刚才的实验中,他根据自身感受和灵性直觉搞懂了大致规律:包含胸腔和腹腔在内的躯干和大脑附近的头部算“重点区域”,而其余躯体末端乃至五官则是安全范畴,只是简单的穿过不会让灵体受到冲击。

先前他的手指貌似穿过阿芙拉身体,但实际接触的只是灵体而不是肉身;眼下,他却有了切实的触感,脑海中油然而生如果就这样继续用力,就能将那片骨头连血带肉硬生生从对方身上扯出来的直觉。

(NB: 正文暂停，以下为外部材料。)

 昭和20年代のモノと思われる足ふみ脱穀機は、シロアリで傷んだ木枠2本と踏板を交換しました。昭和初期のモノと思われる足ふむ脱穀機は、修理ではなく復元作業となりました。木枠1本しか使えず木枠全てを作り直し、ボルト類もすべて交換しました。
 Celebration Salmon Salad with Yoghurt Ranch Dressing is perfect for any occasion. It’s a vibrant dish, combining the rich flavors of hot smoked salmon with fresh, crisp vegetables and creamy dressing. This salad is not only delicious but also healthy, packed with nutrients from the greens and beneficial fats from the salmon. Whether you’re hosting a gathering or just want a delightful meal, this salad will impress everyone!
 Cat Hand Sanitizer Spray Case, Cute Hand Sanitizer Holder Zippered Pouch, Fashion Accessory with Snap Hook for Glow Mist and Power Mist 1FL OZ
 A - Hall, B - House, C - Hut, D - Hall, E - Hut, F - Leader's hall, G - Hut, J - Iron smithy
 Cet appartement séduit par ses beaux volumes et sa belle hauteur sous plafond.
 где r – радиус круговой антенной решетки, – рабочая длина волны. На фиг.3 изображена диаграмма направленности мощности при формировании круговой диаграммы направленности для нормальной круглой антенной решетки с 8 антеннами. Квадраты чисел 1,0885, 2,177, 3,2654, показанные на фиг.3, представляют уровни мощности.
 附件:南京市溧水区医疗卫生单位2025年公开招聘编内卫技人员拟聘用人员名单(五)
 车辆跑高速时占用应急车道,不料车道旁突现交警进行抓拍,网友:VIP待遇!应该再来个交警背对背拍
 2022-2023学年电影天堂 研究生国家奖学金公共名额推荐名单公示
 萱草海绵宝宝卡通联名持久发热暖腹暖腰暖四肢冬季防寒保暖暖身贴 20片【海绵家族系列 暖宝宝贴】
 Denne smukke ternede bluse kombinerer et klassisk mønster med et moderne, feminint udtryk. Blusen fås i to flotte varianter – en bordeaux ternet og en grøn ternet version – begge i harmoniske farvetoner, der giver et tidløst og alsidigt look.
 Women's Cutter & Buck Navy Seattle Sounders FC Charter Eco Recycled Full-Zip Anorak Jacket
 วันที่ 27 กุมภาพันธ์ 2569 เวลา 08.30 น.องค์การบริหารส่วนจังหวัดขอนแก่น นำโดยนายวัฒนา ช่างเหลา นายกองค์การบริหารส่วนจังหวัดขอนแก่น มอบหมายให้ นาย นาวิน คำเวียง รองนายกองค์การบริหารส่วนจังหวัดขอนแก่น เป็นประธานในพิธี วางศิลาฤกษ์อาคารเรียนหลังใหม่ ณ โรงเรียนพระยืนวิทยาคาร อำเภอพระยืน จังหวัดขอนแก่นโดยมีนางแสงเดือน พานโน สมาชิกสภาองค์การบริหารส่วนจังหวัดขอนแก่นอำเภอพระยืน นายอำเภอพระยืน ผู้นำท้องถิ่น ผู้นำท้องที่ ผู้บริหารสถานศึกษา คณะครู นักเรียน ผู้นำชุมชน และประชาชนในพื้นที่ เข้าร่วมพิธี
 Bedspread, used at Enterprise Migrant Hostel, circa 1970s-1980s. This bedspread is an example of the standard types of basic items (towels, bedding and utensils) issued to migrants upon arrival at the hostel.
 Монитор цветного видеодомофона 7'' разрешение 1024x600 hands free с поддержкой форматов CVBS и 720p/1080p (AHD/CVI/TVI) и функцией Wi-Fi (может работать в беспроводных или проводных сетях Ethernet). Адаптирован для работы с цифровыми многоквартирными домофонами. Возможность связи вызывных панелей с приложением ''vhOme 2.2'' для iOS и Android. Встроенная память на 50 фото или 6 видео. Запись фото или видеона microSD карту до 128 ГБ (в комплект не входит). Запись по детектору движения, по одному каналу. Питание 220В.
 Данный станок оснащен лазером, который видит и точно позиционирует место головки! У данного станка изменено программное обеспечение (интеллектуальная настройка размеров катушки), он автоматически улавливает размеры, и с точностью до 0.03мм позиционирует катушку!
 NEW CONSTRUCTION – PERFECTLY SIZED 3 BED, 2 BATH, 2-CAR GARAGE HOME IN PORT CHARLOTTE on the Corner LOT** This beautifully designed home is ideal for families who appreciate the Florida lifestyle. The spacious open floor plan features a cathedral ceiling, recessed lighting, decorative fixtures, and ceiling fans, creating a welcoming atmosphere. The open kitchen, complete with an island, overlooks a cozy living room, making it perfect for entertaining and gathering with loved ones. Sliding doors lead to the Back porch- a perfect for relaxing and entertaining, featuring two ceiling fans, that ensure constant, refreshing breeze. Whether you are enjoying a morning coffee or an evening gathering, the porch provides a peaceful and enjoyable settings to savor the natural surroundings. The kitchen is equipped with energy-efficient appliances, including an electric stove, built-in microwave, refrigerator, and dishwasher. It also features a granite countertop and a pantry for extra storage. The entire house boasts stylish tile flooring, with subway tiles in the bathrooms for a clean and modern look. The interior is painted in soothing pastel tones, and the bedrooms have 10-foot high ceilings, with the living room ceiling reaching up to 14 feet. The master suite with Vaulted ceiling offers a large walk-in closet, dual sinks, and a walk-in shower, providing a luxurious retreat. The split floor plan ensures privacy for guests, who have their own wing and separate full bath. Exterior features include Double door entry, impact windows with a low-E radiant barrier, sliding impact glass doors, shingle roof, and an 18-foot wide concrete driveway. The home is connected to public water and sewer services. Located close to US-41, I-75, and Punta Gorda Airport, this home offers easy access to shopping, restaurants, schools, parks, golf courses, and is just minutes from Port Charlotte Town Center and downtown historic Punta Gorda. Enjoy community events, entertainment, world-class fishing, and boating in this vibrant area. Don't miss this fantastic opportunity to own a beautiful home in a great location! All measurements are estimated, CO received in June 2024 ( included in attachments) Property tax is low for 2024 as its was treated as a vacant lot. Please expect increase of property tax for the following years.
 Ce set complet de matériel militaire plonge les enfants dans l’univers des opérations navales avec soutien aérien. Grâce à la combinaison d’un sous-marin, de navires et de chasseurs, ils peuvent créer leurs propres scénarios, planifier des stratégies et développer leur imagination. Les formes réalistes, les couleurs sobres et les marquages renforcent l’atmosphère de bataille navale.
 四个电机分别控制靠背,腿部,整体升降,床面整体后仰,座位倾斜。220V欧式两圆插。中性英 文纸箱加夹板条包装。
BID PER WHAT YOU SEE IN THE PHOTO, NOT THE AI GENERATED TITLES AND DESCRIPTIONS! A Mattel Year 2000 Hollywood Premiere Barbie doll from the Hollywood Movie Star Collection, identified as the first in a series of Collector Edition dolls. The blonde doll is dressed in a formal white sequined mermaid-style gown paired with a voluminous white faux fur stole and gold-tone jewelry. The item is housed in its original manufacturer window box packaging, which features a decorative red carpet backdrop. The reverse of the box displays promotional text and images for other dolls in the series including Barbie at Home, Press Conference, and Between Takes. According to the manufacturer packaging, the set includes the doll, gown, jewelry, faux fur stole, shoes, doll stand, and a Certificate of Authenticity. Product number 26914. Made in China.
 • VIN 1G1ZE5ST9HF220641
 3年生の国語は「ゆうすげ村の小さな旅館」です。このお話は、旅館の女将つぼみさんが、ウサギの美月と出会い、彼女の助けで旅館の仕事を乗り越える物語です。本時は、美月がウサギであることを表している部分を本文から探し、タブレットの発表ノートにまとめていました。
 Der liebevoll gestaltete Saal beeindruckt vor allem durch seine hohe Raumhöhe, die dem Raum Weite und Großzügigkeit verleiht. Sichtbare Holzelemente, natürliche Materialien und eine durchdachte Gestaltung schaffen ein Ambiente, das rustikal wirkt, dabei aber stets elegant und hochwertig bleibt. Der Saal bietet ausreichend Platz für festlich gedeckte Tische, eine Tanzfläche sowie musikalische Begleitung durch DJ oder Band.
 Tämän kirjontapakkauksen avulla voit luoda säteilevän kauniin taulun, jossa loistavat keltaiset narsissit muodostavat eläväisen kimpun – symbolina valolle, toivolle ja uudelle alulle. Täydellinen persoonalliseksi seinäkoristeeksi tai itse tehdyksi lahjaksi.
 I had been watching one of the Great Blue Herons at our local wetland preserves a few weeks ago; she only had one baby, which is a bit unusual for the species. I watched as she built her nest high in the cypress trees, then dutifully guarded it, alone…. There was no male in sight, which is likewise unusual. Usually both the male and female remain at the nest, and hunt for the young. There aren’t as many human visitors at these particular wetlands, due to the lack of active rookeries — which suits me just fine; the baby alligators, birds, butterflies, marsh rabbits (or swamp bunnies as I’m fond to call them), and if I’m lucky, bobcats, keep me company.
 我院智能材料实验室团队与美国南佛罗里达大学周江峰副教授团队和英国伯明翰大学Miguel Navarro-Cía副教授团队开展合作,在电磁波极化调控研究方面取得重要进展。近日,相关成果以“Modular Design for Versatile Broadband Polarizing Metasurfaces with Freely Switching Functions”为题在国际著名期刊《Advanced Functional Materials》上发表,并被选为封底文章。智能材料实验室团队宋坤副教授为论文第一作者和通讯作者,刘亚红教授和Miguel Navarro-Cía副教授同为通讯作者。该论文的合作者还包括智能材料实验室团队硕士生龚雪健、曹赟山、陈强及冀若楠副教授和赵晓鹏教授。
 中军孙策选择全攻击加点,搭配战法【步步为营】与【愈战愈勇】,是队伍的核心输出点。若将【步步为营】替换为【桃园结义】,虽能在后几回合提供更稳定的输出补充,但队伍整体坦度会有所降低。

像是察觉到了他的意图,阿芙拉的表情也变得认真,危机预感让她紧绷起后背肌肉,那被苍白面颊衬得格外鲜红的嘴唇抿起,做好了承受痛苦的准备。

你那是什么表情……从灵性直觉方面确认过后果后,道格拉斯干脆地将手抽了出来,手掌干燥,其中空无一物。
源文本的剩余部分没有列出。